Fontigens aldrichi
- Conservation status: Apparently Secure (NatureServe)

Scientific classification
- Kingdom: Animalia
- Phylum: Mollusca
- Class: Gastropoda
- Subclass: Caenogastropoda
- Order: Littorinimorpha
- Family: Fontigentidae
- Genus: Fontigens
- Species: F. aldrichi
- Binomial name: Fontigens aldrichi (Call & Beecher, 1886)
- Synonyms: Bythinella aldrichi Call & Beecher, 1886 ; Amnicola aldrichi (Call & Beecher, 1886) ; Amnicola aldrichi aldrichi (Call & Beecher, 1886) ; Amnicola aldrichi insolita Hubricht, 1940 ; Amnicola missouriensis Pilsbry, 1898;

= Fontigens aldrichi =

- Authority: (Call & Beecher, 1886)
- Conservation status: G4

Species of gastropod

Fontigens aldrichi, common name the Missouri amnicola, is a species of freshwater snail, an aquatic gastropod mollusk in the family Fontigentidae.

== Shell description ==
The shell is minute, imperforate, obliquely ovate, light brown. The surface of the shell is smooth except for slight growth-lines. The shell is composed of 3½ very convex whorls separated by unusually deep sutures. The apex is obtuse and often eroded. The last whorl is shortly deflexed in front in adult specimens.

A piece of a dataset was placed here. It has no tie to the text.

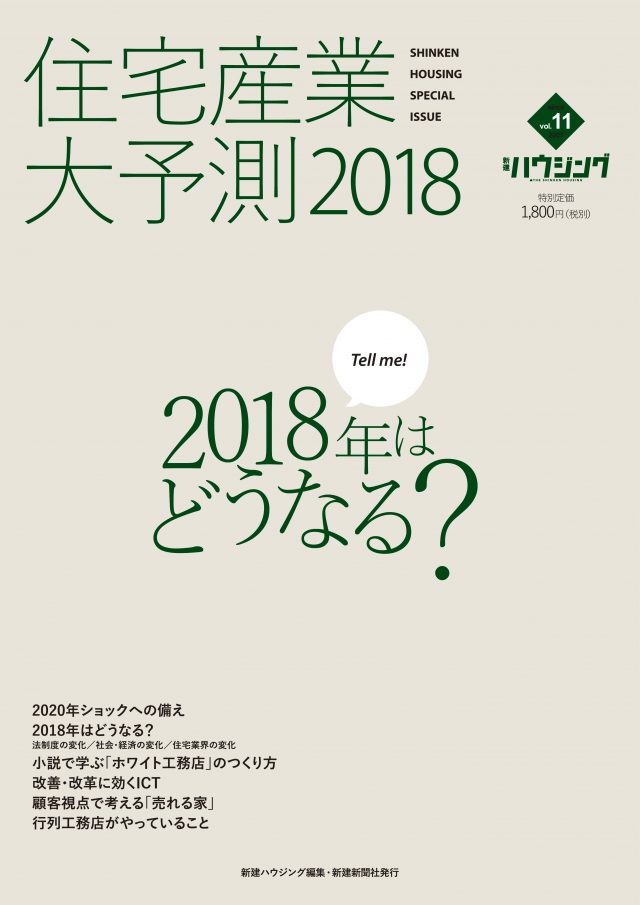 巻頭言は2018年のテーマとやるべきこと、私たちはどう生きるか。また「2020年ショック」への備えとして、対策を考えます。そのほか、法制度、社会・経済の変化、住宅業界の変化など、2018年を鋭くえぐります。

The aperture is rotund-ovate, being slightly narrowed above, but not angular there. The aperture is not modified in form by the preceding whorl. The aperture is moderately oblique. The peristome is continuous, not closely appressed at the upper left side. The columellar margin is thick and calloused within.

The width of the shell is 1.3 mm. The height of the shell is 1.7 mm. The height of aperture is 0.8 mm.

== Distribution ==
Type locality is Carter County, Missouri.